── EXERCISE INPUTS ──
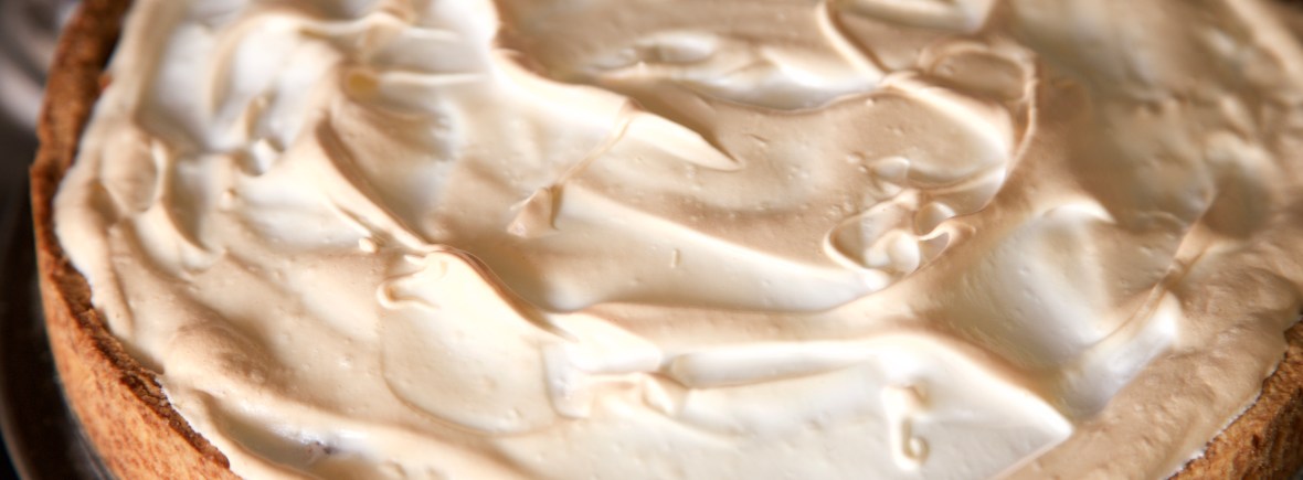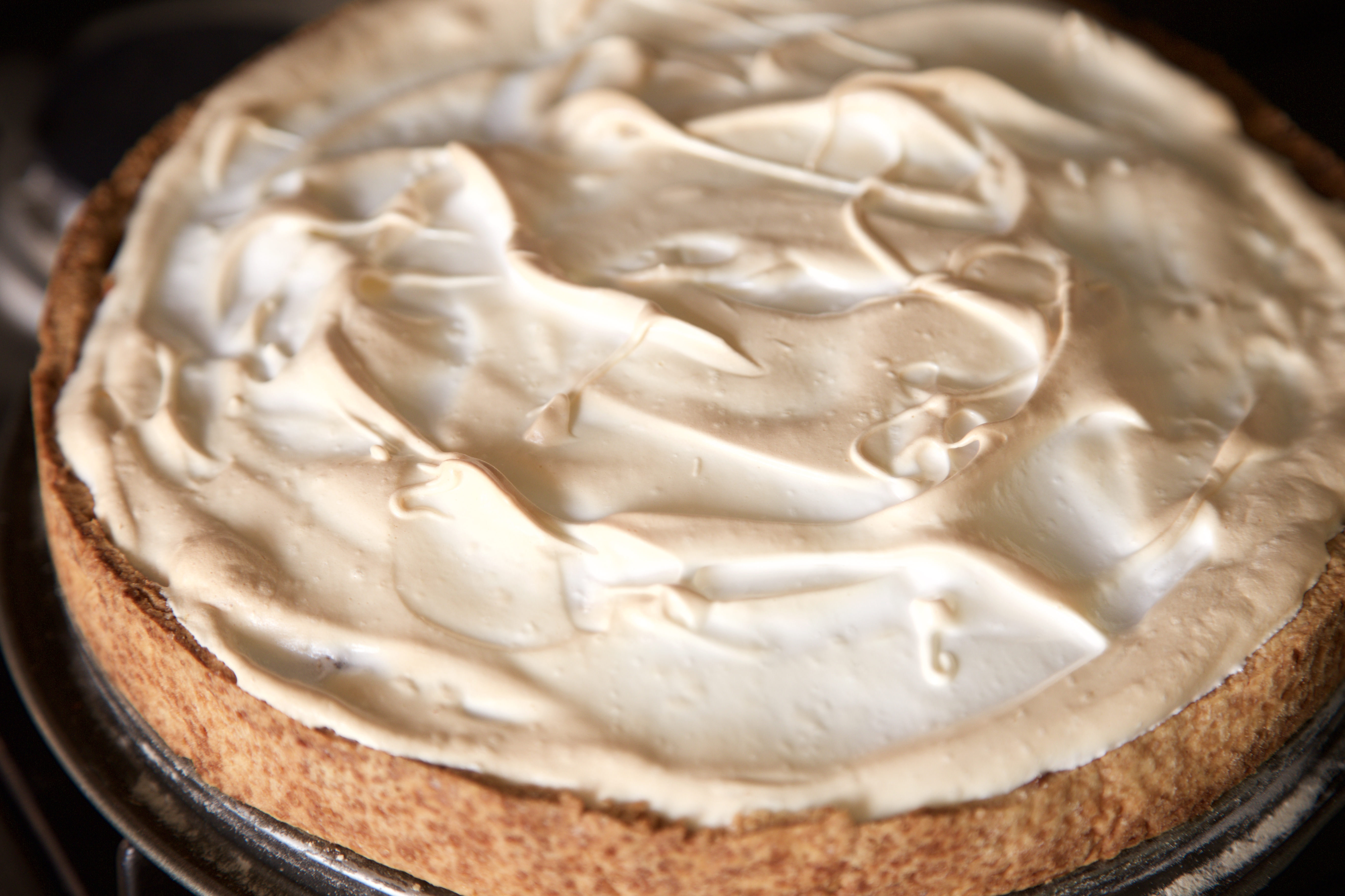 8. Verdeel het opgeklopte eiwit over de taart met een spatel en vorm wat pieken. Zet nu voor 15 minuten in de oven op 180 graden. Controleer tussendoor of de taart niet te snel donker kleurt. Laat iets afkoelen en serveer direct. Er gaan ongeveer 10 punten uit deze taart. Eet smakelijk!
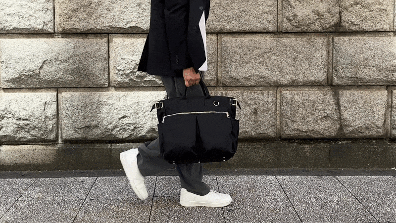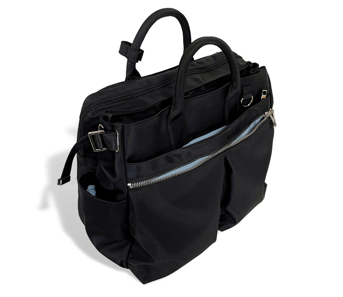 バッグのメイン収納(3層目と4層目)は、マイボトルなど私物を入れる大容量スペースと、ブリーフケースのように書類やPCを保護して収められるビジネス向けスペースの2層構造。用途に合わせてすっきり分別して収納できます。
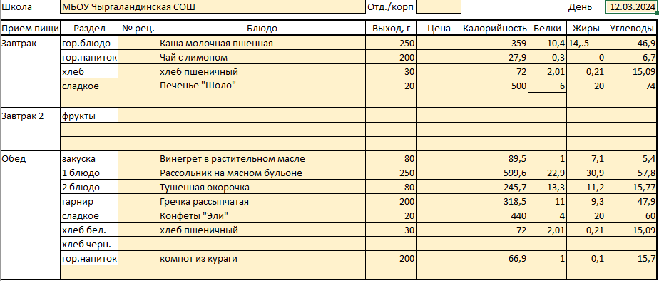 Меню 12 марта
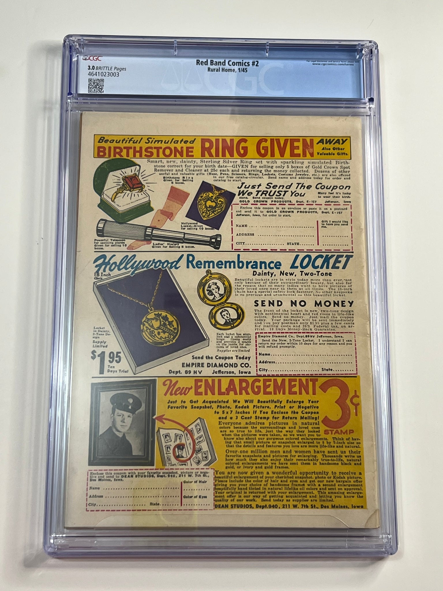 Red Band Comics #2 CGC 3.0 Rural Home 1945!!
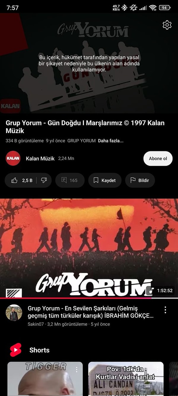 YouTube’da Küme Yorum dinlemek isteyen şahıslar, “Bu içerik, hükümet tarafından yapılan yasal bir şikayet nedeniyle bu ülkenin alan isminde kullanılmıyor” uyarısı ile karşılaştı.
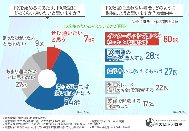 そこで今回、『大阪FX教室』(https://fx.osakaschool.com/)では、FXを始めたいと考えている方とFX教室に通って利益が出た方を対象に、「FX(外国為替証拠金取引)」に関する調査を実施しました。
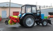 Аренда трактора МТЗ Беларусь 82.1 с коммунальным отвалом и подметальной щеткой для уборки территории. Подходит для расчистки снега, уборки грязи и листьев.
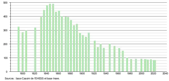 L'évolution du nombre d'habitants est connue à travers les recensements de la population effectués dans la commune depuis 1793. Pour les communes de moins de 10 000 habitants, une enquête de recensement portant sur toute la population est réalisée tous les cinq ans, les populations de référence des années intermédiaires étant quant à elles estimées par interpolation ou extrapolation[19]. Pour la commune, le premier recensement exhaustif entrant dans le cadre du nouveau dispositif a été réalisé en 2005[20].
───
▶ **WORK TASK**: In the data above, retype only the stretch from the line with "そこで今回、『大阪FX教室』" through the line with "Аренда трактора МТЗ", word for word, and skip any pictures.

▶ **WRITTEN ANSWER**:
 そこで今回、『大阪FX教室』(https://fx.osakaschool.com/)では、FXを始めたいと考えている方とFX教室に通って利益が出た方を対象に、「FX(外国為替証拠金取引)」に関する調査を実施しました。
 Аренда трактора МТЗ Беларусь 82.1 с коммунальным отвалом и подметальной щеткой для уборки территории. Подходит для расчистки снега, уборки грязи и листьев.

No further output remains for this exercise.